What's New in Spark 3.3.1

DLI complies with the release consistency of the open source Spark compute engine. This section describes the updates in Spark 3.3.1.

For more information about Spark 3.3.1, see Spark Release Notes.

Spark 3.3.1 Release Date

Version

Release Date

Status

EOM Date

EOS Date

DLI Spark 3.3.1

June 2023

Released

June 30, 2025

June 30, 2026

For more version support information, see Lifecycle of DLI Compute Engine Versions.

Spark 3.3.1 Description

The following lists the main features of Spark 3.3.1.

For more information on new features and performance optimizations, see Release Notes - Spark 3.3.1.

Table 1 Advantages of Spark 3.3.1

Feature

Description

Native performance acceleration

Improved the performance of Spark query statements.

Metadata access performance improvement

Improved Spark's metadata access performance for handling big data and enhanced data processing efficiency.

Improving the performance of OBS Committer when writing small files

Improved the performance of Object Storage Service (OBS) when writing small files, improving data transfer efficiency.

Dynamic executor shuffle data optimization

Improved the stability of resource scaling and cleaned up Executors when shuffle files are no longer needed.

Merging small files

If a large number of small files are generated during SQL execution, job execution and table query will take a long time.

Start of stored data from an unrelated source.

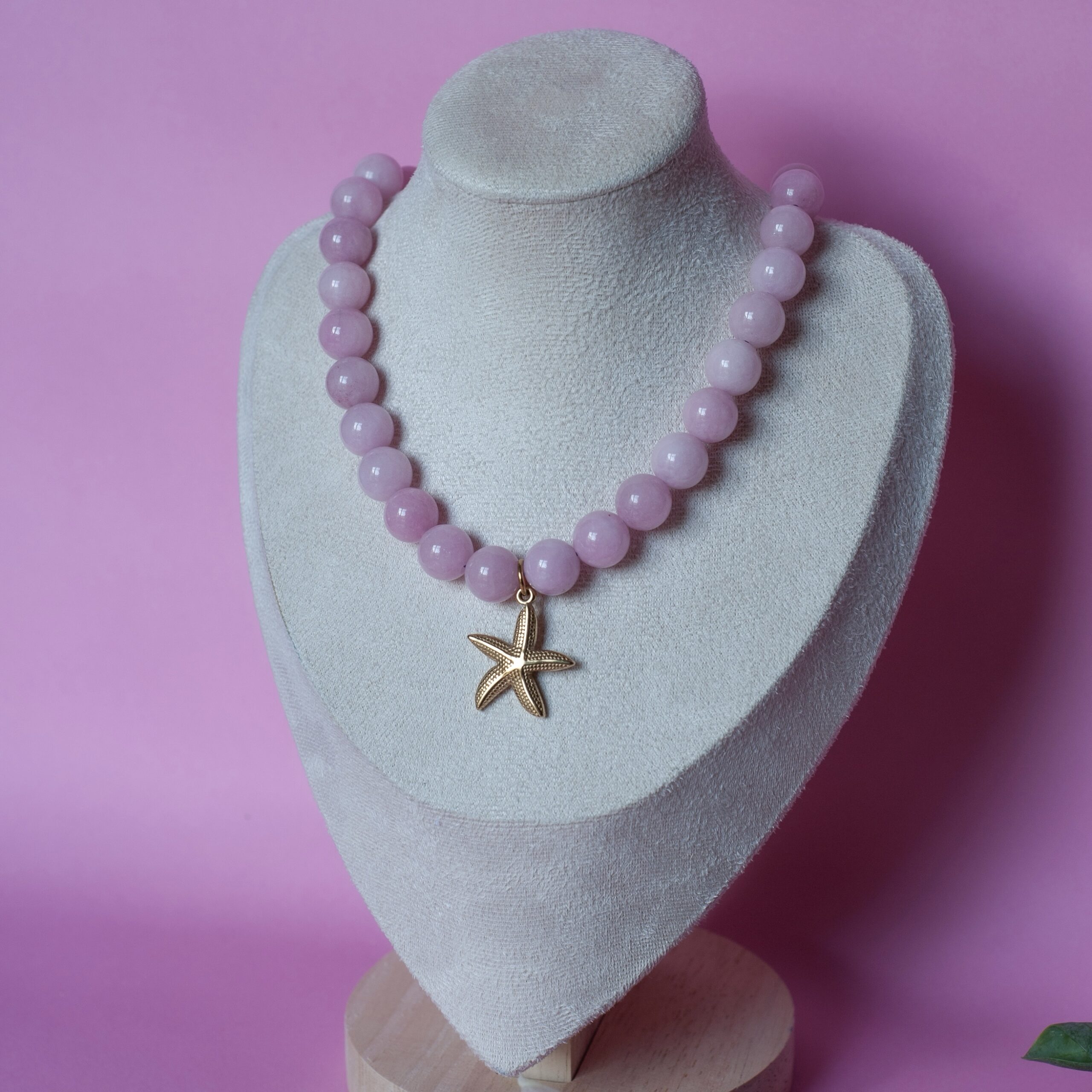 Collier en perles rose pâle avec breloque en acier inoxydable. Il est possible de retirer la breloque si elle ne vous plaît pas ou de la remplacer par une autre (si modification, veuillez l’indiquer en note de commande, au moment du paiement).
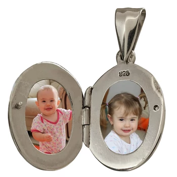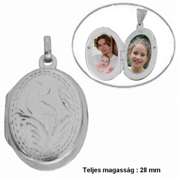 Fényképtartó nyitható ovális medál, ezüst ékszer
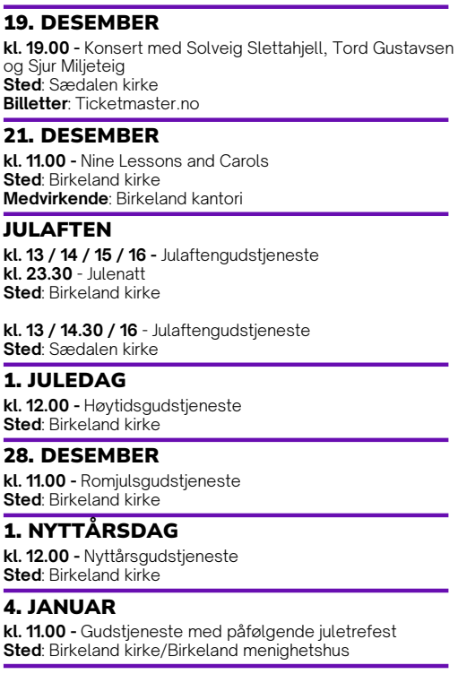 Her er resten av juleprogrammet for Birkeland og Sædalen:
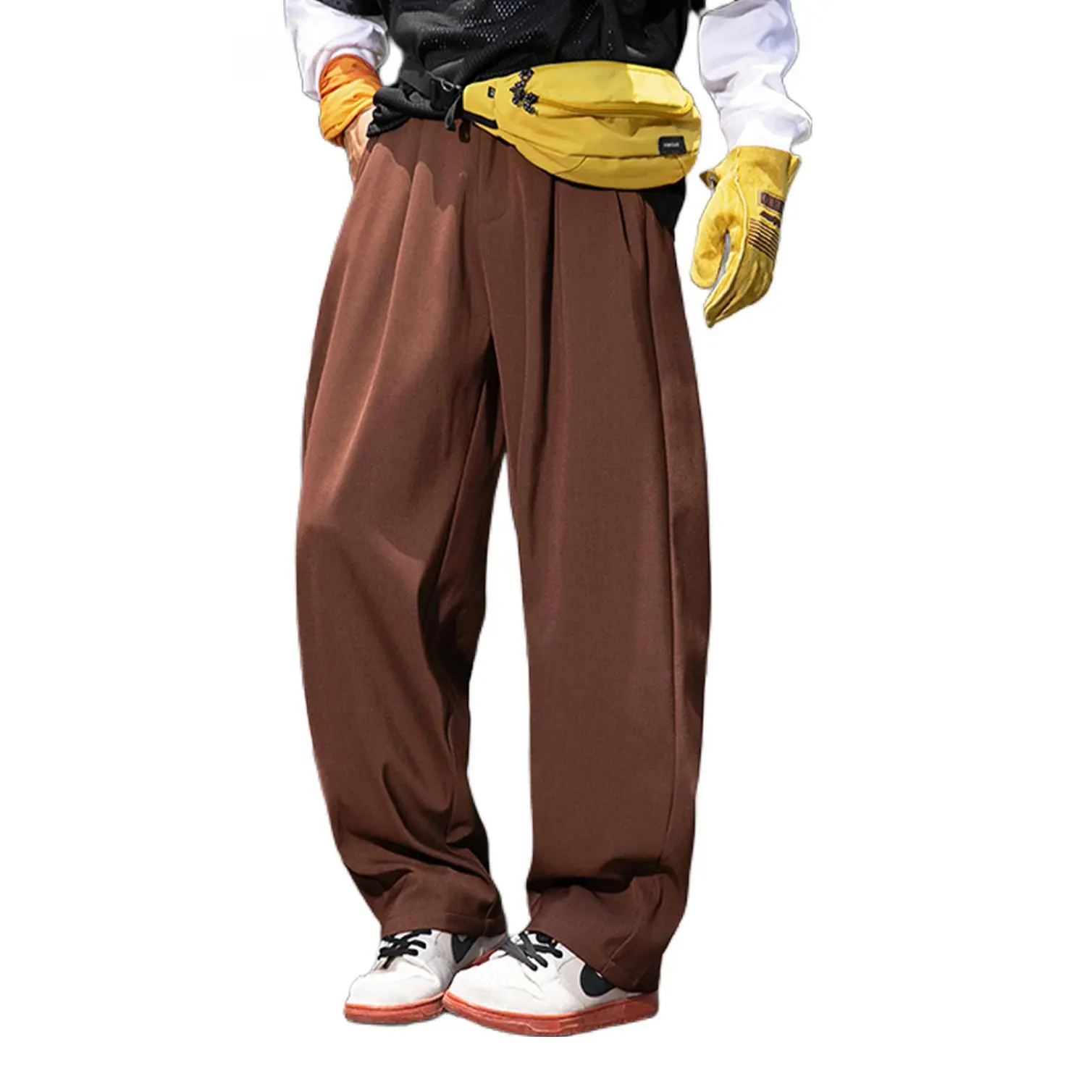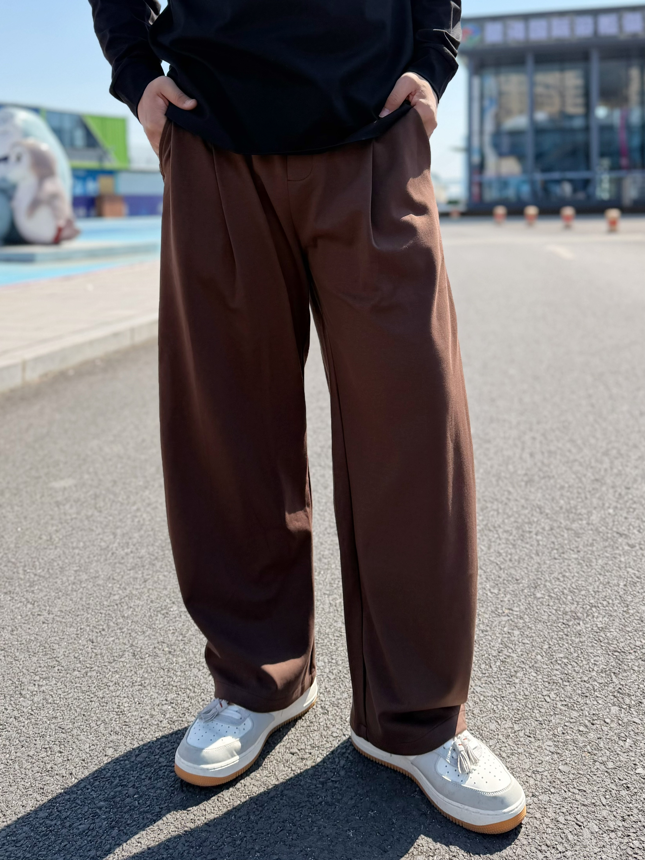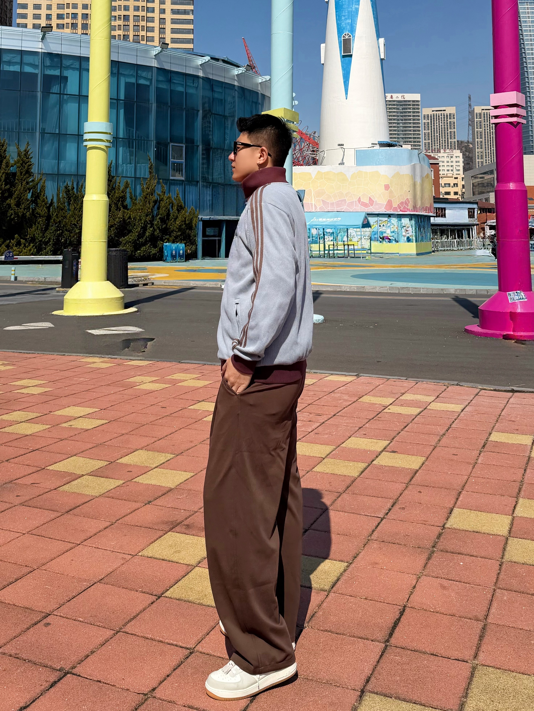 家人们谁懂啊 一件黑T➕这条棕色弯刀裤➕米白板鞋 整个人看起来就是那种 没怎么打扮但就是很会穿的高级感✨ ▪️面料垂坠,很舒服 ▪️棕色很百搭,版型好看 ▪️走路很修饰腿型,腿粗也看不出来 这不就是我想要的cleanfit嘛🖤 👦🏻:188 | 85 👖:XXL
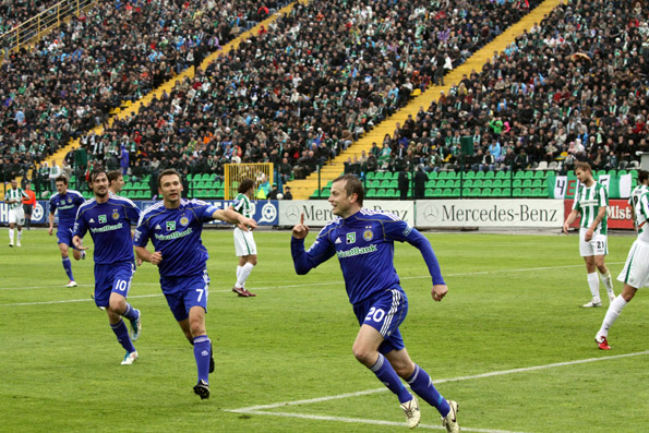 Гусев сделал длинную передачу, Шевченко, находившийся в оффсайде, остановился, а Огнен Вукоевич(Динамо К) проскочил неосмотрительно выскочившего Богатинова и из 47-го сектора закинул мяч в пустые ворота.
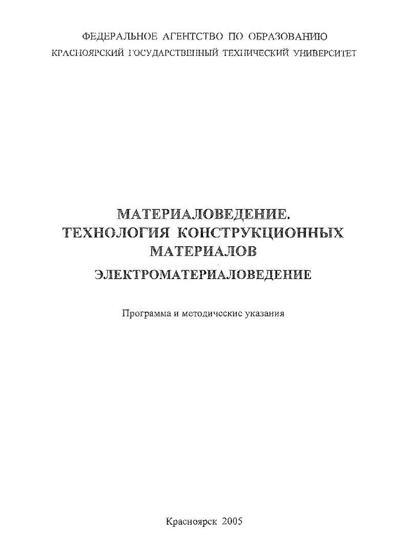 Материаловедение. Технология конструкционных материалов. Электроматериаловедение : программа и метод. указ. для студентов укрупн. гр. напр. подг. спец. 140000 заоч. формы обучения
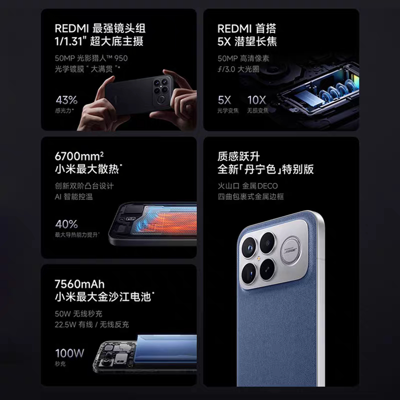 5.其他:小米HyperOS 3,小米星辰通信,超声波指纹,超线性立体双扬、红外、NFC、X轴线性马达,2.1立体声扬声系统,流金白、黑色、丹宁色,12+256GB 3999元起!
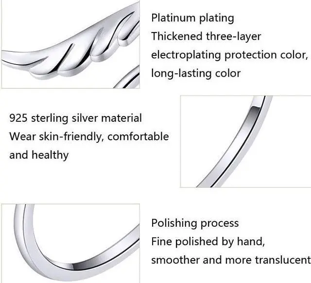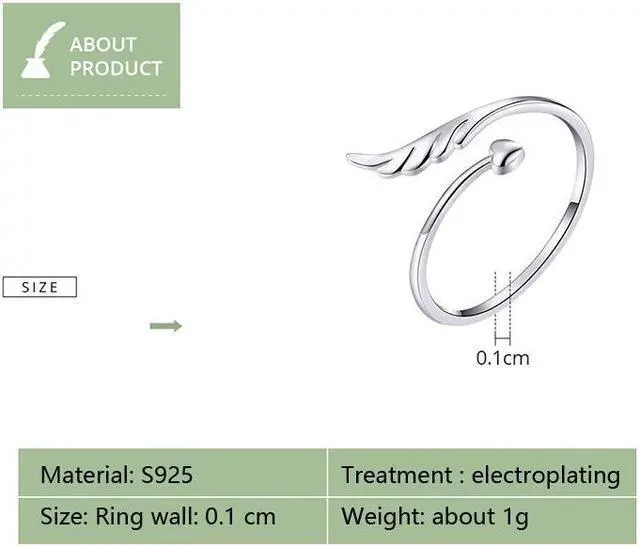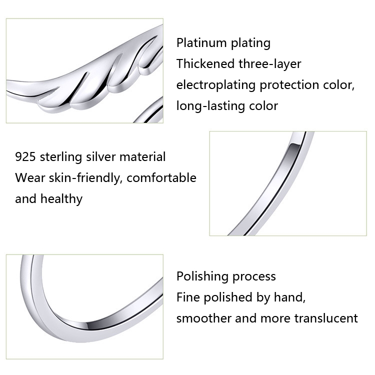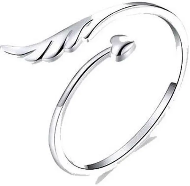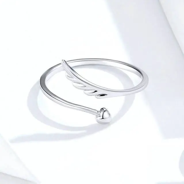 S925 Sterling Silver Angel Wings Open Ring White Gold Plated Open Ring SCR567

In this case, you are advised to merge small files.

Merge small files by referring to How Do I Merge Small Files?

Modifying column comments of non-partitioned or partitioned tables

You can modify the column comments of non-partitioned or partitioned tables.

Collecting statistics on the CPU usage of SQL jobs

You can view the total CPU used on the console.

Viewing Spark logs of container clusters

You need to view logs in the container.

Dynamic UDF loading (OBT)

The UDF takes effect without restarting the queue.

Supporting flame graphs on the Spark UI

Flame graphs can be created on the Spark UI.

Optimizing the query performance of the NOT IN statement for SQL jobs

The query performance of the NOT IN statement is improved.

Optimizing the query performance of the Multi-INSERT statement

The query performance of the Multi-INSERT statement is improved.